Asset Generation with GPT-4o
Chris uses GPT-4o for asset generation, noting its significant improvement in quality in recent weeks [00:05:10] [00:49:00]. This capability allows him to add a “level of polish” to his apps [00:05:25] and consistently create high-quality assets [00:05:37].
Techniques for Asset Generation:
- Generating Secondary Assets from a Primary One
By providing GPT-4o with an existing mascot or character image, Chris can generate an “infinite number of secondary assets” for various uses like loading screens or empty states [00:49:28]. Examples include:
- Adding wired glasses and placing the mascot in front of a laptop [00:49:37].
- Changing the background color to purple and making the mascot appear to float [00:49:51].
- Adding specific objects like a coffee cup or books under a tree [00:49:58].
- Modifying specific features, such as removing legs or making a dog look like a specific pet by feeding in its image [00:50:14] [00:50:17].
- Adding “Delight” and Humanizing Apps AI-generated assets can add a crucial “dimension” to apps, allowing for cool empty states and illustrations [00:51:40]. This helps “humanize” the app, making it more appealing and relatable to users [00:52:16].
- Brainstorming Mascots and Logos Chris also uses AI to brainstorm ideas for mascots or logos. For his meeting transcription tool, he asked for mascot ideas for an app that “lives in the background,” which eventually led to the concept of a ghost [00:53:06] [00:53:24].
Challenges in Asset Generation:
- Specificity in Prompts While powerful, AI asset generation often requires very specific prompts. For example, when trying to remove a mouth from a dog illustration, the AI also removed the nose, demonstrating the need for precise instructions [00:50:56] [00:51:02].
- Success Rate Chris estimates the AI gets it right about 60-70% of the time, which he still considers worthwhile due to the time saved [00:51:12] [00:51:14].

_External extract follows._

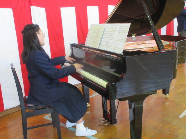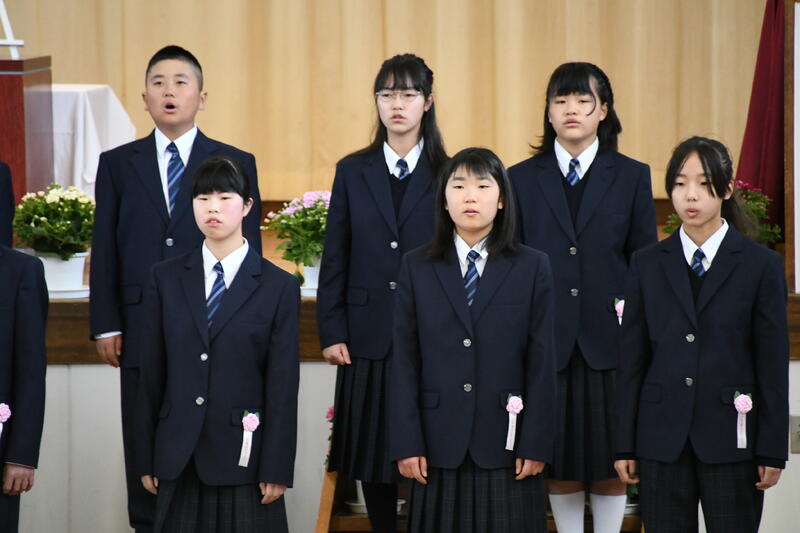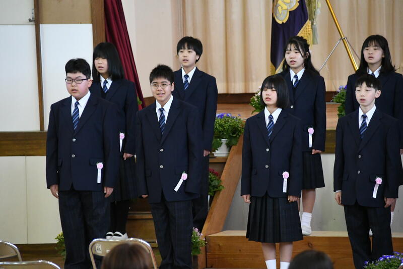 続いて、在校生で参加した5年生と卒業生が呼びかけで楽しかった小学校生活を振り返り、心を込めて式歌を合唱しました。式が終わりに近づくにつれ、笑顔の中にも、今までの思いがこみ上げてくるようでした。厳粛で感謝の心にあふれた卒業式になりました。

Generating Realistic Mock Data
AI tools can also be used to generate realistic mock data for testing and demonstrations [00:31:16]. Instead of generic data, Chris prompted the AI to create mock transactions for a 28-year-old male in Dallas, including real restaurants, which made the demo much more compelling [00:31:41]. This technique helps potential users envision themselves using the app [00:33:01].

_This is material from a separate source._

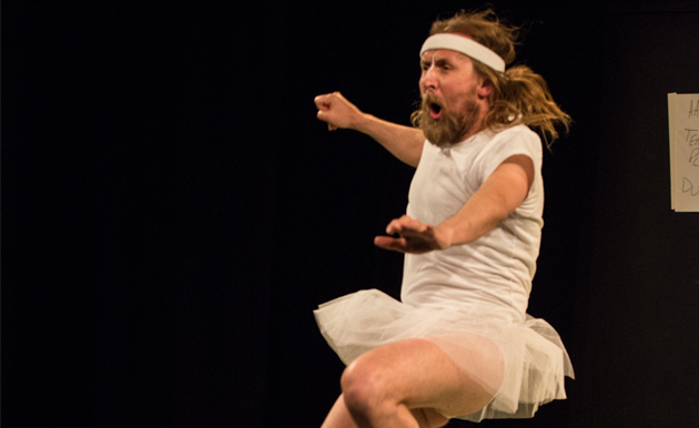 We explore the relationship between Wood and his older brother, who coached him at tennis. Snatches of tennis commentary, pieces of 80’s music and sketches of a little Wood holding hands with his older brother projected on to the wall. It’s high on audience participation using people to act out pivotal moments from playing umpire, to using a toilet plunger to recreate the sound of the ball bouncing. Wood himself being a giant ball prancing across the stage in underpants and a tutu, my favourite seeing him make the chalk lines of the court with a large tub of salt tied to his head. Often you just don’t know what’s going to happen next so if you’re not a fan of audience participation this might not be for you. Sometimes odd and slightly surreal Wood manages to keep it together, overall an entertaining hour spent in his company. A very entertaining Four Stars.

“It’s not even just for you. So what you can do is you can come up with an idea for a startup, use cursor to build it, use some of this mock data, rec, you know, compile, build, record a video now with that data that’s way more interesting, post it on X, see if people actually want the app.” [00:32:24]
Overall Impact
Chris believes that AI tools will lead to “a lot more beautiful apps” [00:51:51] and encourage developers to go beyond bare-bones designs [00:51:58]. He encourages developers to embrace AI tooling as it is inevitable and will be crucial for thriving in the coming decade [00:54:23] [00:54:26]. He suggests non-developers use AI as a learning tool, perhaps with more guided tools like Replit or Lovable, to build foundational programming skills before diving into more “dangerous” tools like Cursor [00:54:42] [00:55:00].